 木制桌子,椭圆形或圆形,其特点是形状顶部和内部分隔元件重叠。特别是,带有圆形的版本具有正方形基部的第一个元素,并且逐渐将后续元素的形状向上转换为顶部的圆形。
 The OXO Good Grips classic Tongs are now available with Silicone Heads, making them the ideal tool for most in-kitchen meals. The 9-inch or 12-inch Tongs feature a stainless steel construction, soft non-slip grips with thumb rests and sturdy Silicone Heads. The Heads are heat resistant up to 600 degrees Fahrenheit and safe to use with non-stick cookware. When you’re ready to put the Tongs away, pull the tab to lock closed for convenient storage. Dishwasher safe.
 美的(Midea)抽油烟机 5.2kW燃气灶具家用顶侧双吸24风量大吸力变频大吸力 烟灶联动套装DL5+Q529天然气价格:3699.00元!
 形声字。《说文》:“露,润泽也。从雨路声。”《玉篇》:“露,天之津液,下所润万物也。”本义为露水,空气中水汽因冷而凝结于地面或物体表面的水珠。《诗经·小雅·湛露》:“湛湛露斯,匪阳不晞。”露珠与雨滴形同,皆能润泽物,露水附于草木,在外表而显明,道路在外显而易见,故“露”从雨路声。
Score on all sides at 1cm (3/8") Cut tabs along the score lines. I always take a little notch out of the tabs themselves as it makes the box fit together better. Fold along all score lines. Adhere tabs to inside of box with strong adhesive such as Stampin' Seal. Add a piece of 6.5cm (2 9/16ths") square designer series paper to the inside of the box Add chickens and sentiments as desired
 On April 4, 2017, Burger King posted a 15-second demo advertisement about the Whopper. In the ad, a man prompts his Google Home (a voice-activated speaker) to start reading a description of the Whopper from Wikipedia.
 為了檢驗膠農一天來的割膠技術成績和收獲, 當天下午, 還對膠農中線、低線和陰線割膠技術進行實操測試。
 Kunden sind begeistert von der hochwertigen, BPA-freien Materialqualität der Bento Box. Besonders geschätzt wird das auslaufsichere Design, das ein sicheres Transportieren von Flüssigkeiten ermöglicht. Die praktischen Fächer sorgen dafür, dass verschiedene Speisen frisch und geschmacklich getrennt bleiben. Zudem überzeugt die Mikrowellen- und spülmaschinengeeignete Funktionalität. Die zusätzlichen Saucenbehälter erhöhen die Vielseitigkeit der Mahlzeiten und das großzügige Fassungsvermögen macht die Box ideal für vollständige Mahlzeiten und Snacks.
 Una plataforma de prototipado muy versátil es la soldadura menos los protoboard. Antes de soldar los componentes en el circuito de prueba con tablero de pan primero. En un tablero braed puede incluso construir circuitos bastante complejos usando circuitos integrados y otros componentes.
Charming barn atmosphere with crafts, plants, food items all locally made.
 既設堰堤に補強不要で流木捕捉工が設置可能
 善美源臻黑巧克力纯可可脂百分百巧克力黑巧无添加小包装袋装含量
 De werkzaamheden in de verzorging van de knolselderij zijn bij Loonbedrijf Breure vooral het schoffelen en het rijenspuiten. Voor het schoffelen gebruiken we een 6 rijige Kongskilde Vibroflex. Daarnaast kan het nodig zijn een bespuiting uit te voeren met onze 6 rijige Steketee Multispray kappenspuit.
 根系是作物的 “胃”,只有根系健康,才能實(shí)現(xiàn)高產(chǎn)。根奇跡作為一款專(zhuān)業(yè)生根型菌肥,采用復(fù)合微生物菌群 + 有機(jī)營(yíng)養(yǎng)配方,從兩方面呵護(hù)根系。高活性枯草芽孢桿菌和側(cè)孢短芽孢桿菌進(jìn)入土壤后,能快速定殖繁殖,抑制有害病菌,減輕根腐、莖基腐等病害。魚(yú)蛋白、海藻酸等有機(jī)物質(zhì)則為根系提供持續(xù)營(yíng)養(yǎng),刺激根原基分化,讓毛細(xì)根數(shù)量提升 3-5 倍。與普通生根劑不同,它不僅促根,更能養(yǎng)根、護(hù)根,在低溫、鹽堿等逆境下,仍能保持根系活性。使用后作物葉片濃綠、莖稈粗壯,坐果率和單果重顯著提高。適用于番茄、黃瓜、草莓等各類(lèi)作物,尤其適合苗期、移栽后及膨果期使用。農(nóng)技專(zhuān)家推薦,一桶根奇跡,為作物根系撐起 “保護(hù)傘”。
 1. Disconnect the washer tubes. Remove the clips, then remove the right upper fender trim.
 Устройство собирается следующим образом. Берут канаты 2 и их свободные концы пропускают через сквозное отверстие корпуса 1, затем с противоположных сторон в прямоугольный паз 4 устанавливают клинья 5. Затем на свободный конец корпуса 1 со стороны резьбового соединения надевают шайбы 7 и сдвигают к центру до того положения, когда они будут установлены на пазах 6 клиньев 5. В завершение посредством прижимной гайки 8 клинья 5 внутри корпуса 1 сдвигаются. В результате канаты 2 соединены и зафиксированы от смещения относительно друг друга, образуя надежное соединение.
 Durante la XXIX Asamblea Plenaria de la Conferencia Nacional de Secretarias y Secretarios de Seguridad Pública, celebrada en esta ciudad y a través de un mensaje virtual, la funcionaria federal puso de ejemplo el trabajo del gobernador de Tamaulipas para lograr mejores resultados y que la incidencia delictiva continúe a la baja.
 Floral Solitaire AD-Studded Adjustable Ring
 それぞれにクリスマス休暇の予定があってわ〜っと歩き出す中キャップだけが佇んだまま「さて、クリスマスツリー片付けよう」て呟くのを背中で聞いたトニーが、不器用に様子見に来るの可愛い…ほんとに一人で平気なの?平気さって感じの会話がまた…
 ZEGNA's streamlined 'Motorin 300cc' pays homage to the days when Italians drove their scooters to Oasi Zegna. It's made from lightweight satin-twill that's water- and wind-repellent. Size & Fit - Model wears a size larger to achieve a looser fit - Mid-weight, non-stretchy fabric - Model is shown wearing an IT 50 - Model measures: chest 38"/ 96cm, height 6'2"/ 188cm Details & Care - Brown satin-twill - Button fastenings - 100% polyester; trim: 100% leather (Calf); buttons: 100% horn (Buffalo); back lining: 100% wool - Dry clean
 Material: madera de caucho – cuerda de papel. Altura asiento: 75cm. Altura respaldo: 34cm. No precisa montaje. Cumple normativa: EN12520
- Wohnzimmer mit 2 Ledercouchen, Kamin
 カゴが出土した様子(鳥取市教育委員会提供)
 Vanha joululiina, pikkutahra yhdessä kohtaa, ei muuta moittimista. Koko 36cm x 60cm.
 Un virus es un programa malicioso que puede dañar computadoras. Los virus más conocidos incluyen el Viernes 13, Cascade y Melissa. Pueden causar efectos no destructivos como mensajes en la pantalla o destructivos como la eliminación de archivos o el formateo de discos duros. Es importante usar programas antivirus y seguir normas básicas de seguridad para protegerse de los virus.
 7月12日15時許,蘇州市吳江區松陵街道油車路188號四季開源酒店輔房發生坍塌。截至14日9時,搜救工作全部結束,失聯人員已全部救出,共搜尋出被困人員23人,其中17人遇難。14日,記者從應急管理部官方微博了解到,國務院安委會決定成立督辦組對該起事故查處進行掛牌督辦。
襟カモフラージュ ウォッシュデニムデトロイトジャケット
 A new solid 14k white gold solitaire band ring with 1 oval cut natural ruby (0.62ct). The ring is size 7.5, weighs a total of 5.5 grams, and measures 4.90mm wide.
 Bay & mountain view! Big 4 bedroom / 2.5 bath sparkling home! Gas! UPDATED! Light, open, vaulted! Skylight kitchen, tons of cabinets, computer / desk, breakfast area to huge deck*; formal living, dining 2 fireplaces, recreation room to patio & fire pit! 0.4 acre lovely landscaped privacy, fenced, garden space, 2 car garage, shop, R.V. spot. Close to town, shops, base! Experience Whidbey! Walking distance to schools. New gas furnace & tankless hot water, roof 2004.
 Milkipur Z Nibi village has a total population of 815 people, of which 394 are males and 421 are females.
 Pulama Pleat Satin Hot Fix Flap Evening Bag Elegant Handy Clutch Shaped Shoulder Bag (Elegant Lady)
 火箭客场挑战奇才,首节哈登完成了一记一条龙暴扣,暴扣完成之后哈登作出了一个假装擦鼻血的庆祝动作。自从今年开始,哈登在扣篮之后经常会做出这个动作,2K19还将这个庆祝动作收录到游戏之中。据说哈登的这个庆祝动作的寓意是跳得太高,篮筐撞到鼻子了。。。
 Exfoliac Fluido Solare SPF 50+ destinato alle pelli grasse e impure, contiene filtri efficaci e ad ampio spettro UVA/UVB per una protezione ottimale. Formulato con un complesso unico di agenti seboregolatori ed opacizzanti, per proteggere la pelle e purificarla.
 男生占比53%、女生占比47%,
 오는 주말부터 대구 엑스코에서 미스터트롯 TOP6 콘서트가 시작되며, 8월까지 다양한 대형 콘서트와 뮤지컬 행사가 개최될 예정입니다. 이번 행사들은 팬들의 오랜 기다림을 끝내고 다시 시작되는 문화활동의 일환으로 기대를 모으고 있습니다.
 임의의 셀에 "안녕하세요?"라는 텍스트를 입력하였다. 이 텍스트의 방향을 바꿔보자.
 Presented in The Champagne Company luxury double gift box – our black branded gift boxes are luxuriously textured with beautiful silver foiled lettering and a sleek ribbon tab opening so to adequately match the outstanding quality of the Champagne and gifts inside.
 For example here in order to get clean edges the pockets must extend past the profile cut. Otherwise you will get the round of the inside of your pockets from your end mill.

============================================================

→ To do: Filter the entries down to the lines with the word "total" in them, and copy those lines.

→ Your solution:
 A new solid 14k white gold solitaire band ring with 1 oval cut natural ruby (0.62ct). The ring is size 7.5, weighs a total of 5.5 grams, and measures 4.90mm wide.
 Milkipur Z Nibi village has a total population of 815 people, of which 394 are males and 421 are females.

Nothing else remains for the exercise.